Some statistics about onions

Non-technical abstract:


We are starting a project to study and quantify hidden services traffic. As part of this project, we are collecting data from just a few volunteer relays which only allow us to see a small portion of hidden service activity (between 2% and 5%). Extrapolating from such a small sample is difficult, and our data are preliminary.

We've been working on methods to improve our calculations, but with our current methodology, we estimate that about 30,000 hidden services announce themselves to the Tor network every day, using about 5 terabytes of data daily. We also found that hidden service traffic is about 3.4% of total Tor traffic, which means that, at least according to our early calculations, 96.6% of Tor traffic is *not* hidden services.
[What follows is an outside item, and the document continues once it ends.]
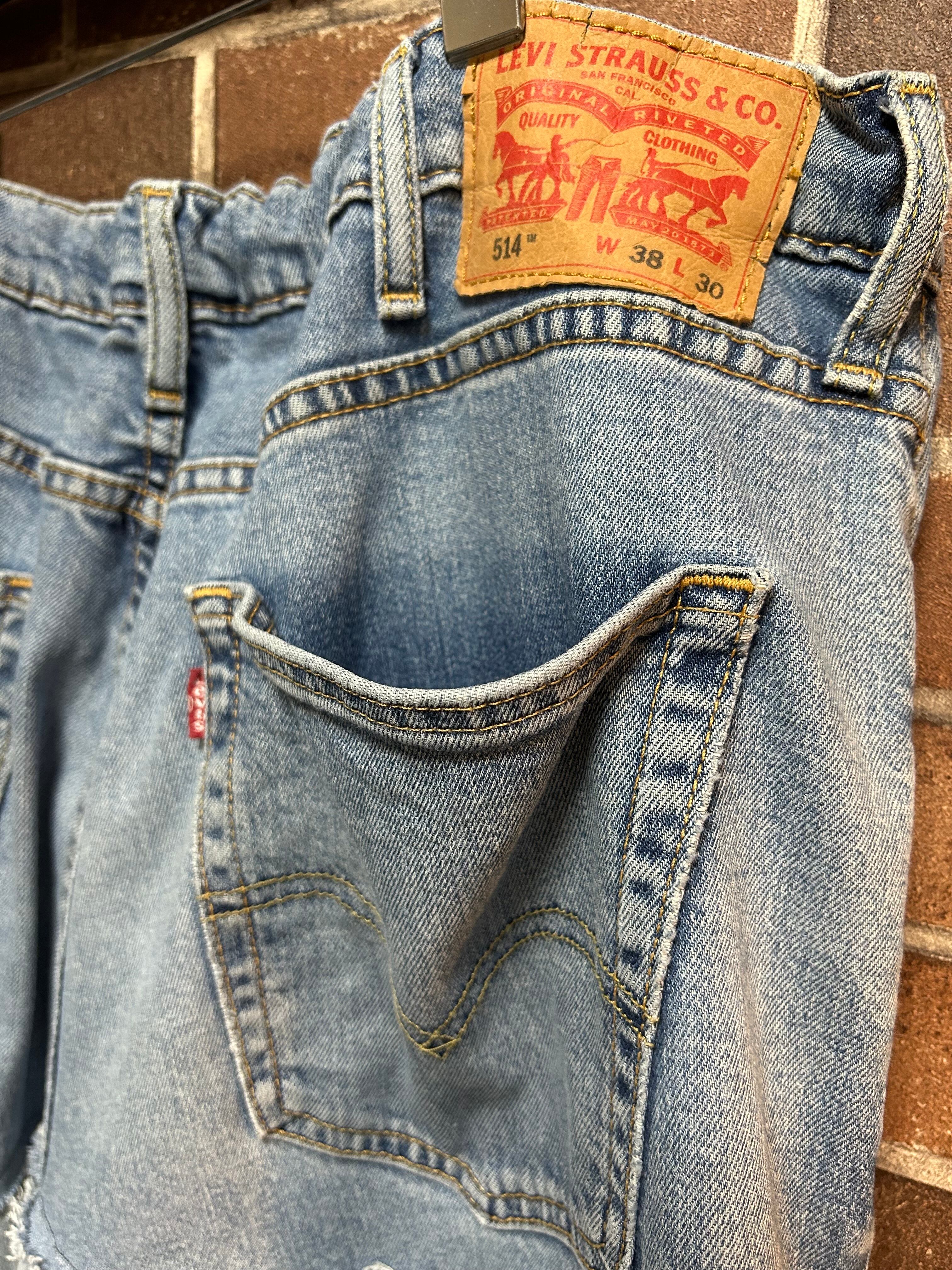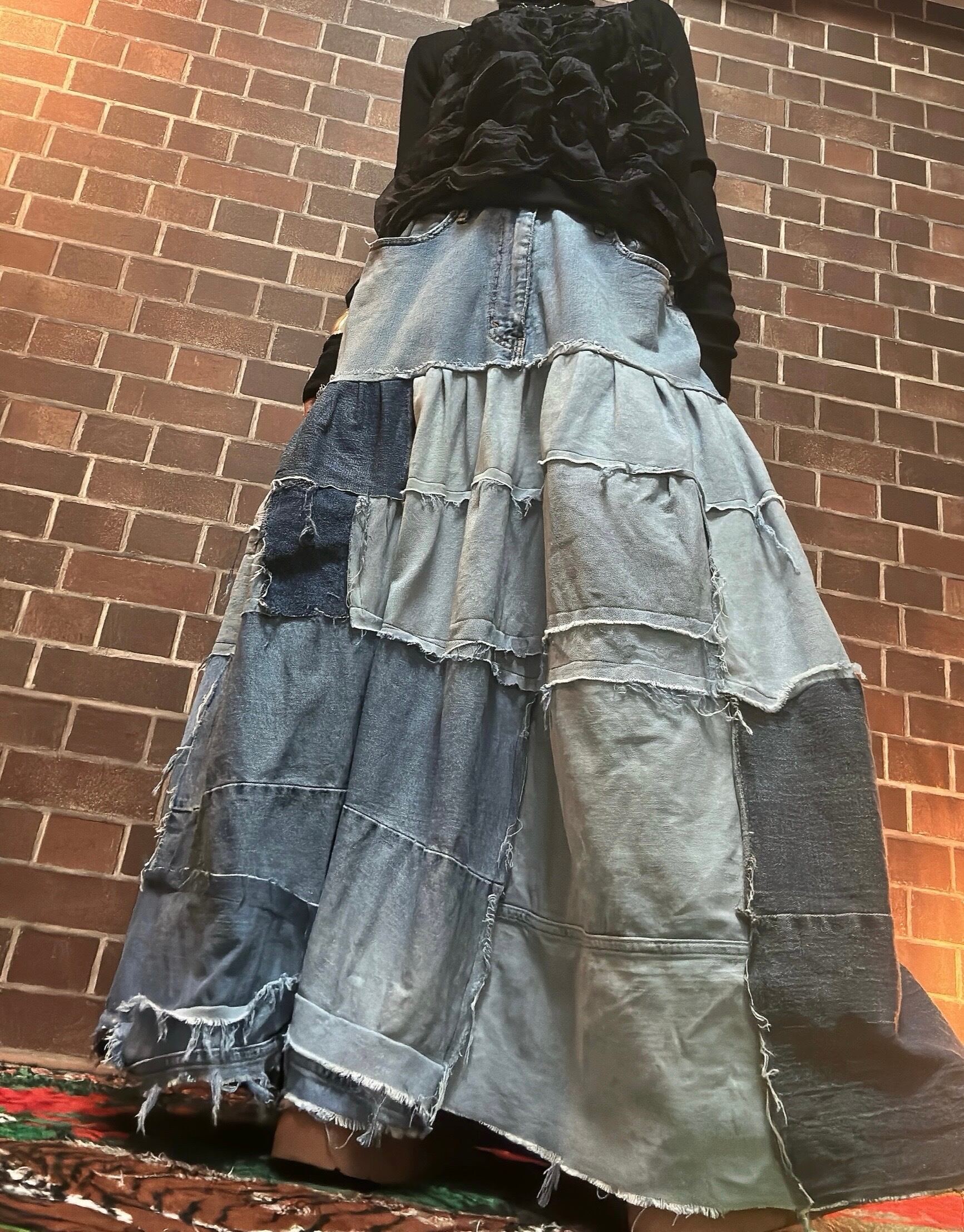 古着のデニムを使用して制作したリメイクのパッチワークスカートです⭐︎

We invite people to join us in working to research methodologies and develop systems for better understanding Tor hidden services.

Hello,

Over the past months we've been working on hidden service statistics. Our goal has been to answer the following questions:

  • "Approximately how many hidden services are there?"
  • "Approximately how much traffic of the Tor network is going to hidden services?"
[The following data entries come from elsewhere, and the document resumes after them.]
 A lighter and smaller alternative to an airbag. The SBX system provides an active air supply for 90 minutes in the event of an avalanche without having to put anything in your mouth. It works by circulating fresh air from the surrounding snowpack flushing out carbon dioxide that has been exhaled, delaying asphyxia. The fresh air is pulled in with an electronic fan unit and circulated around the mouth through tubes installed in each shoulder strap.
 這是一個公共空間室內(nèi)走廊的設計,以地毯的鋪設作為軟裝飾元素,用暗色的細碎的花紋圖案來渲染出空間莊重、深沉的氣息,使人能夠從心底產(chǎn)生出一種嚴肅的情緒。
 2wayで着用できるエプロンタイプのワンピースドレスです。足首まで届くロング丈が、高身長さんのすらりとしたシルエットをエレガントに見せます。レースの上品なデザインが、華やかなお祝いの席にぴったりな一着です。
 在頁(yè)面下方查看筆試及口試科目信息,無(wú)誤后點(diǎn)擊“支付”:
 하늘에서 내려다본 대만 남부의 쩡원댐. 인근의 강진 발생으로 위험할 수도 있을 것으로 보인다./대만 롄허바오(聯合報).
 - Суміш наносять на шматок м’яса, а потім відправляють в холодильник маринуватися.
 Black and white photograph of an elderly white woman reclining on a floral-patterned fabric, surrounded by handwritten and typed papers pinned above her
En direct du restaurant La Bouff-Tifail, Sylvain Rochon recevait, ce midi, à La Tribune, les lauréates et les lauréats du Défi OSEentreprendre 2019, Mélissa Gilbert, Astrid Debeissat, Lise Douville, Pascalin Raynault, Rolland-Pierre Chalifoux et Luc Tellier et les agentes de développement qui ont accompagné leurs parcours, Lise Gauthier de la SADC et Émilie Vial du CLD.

We chose the above two questions because even though we want to understand hidden services, we really don't want to harm the privacy of Tor users. From a privacy perspective, the above two questions are relatively easy questions to answer because we don't need data from clients or the hidden services themselves; we just need data from hidden service directories and rendezvous points. Furthermore, the measurements reported by each relay cannot be linked back to specific hidden services or their clients.
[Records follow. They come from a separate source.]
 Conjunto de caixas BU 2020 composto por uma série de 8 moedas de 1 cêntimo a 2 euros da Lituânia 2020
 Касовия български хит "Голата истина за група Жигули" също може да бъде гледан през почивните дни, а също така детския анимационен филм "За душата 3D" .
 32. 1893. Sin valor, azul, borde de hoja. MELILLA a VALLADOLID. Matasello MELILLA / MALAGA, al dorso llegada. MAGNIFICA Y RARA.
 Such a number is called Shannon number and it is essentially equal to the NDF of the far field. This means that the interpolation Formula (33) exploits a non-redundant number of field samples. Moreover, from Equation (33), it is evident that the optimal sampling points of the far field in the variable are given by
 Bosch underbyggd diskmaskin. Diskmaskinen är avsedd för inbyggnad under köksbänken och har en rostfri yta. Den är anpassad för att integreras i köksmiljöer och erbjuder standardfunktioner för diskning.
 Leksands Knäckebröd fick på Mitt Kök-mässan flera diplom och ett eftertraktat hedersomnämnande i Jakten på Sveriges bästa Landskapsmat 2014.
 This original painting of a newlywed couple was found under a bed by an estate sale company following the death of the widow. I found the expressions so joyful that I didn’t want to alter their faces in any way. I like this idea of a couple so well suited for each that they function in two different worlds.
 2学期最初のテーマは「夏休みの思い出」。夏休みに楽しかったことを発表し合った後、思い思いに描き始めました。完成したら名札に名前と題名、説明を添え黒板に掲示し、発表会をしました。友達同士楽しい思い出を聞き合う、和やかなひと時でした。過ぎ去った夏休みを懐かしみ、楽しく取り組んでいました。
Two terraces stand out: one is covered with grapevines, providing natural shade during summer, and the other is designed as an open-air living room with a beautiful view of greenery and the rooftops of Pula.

Our first move was to research various ways we could collect these statistics in a privacy-preserving manner. After days of discussions on obfuscating statistics, we began writing a Tor proposal with our design, as well as code that implements the proposal. The code has since been reviewed and merged to Tor! The statistics are currently disabled by default so we asked volunteer relay operators to explicitly turn them on. Currently there are about 70 relays publishing measurements to us every 24 hours:

Number of relays reporting stats

So as of now we've been receiving these measurements for over a month, and we have thought a lot about how to best use the reported measurements to derive interesting results. We finally have some preliminary results we would like to share with you:

How many hidden services are there?

All in all, it seems that every day about 30000 hidden services announce themselves to the hidden service directories. Graphically:

Number of hidden services

By counting the number of unique hidden service addresses seen by HSDirs, we can get the approximate number of hidden services. Keep in mind that we can only see between 2% and 5% of the total HSDir space, so the extrapolation is, naturally, messy.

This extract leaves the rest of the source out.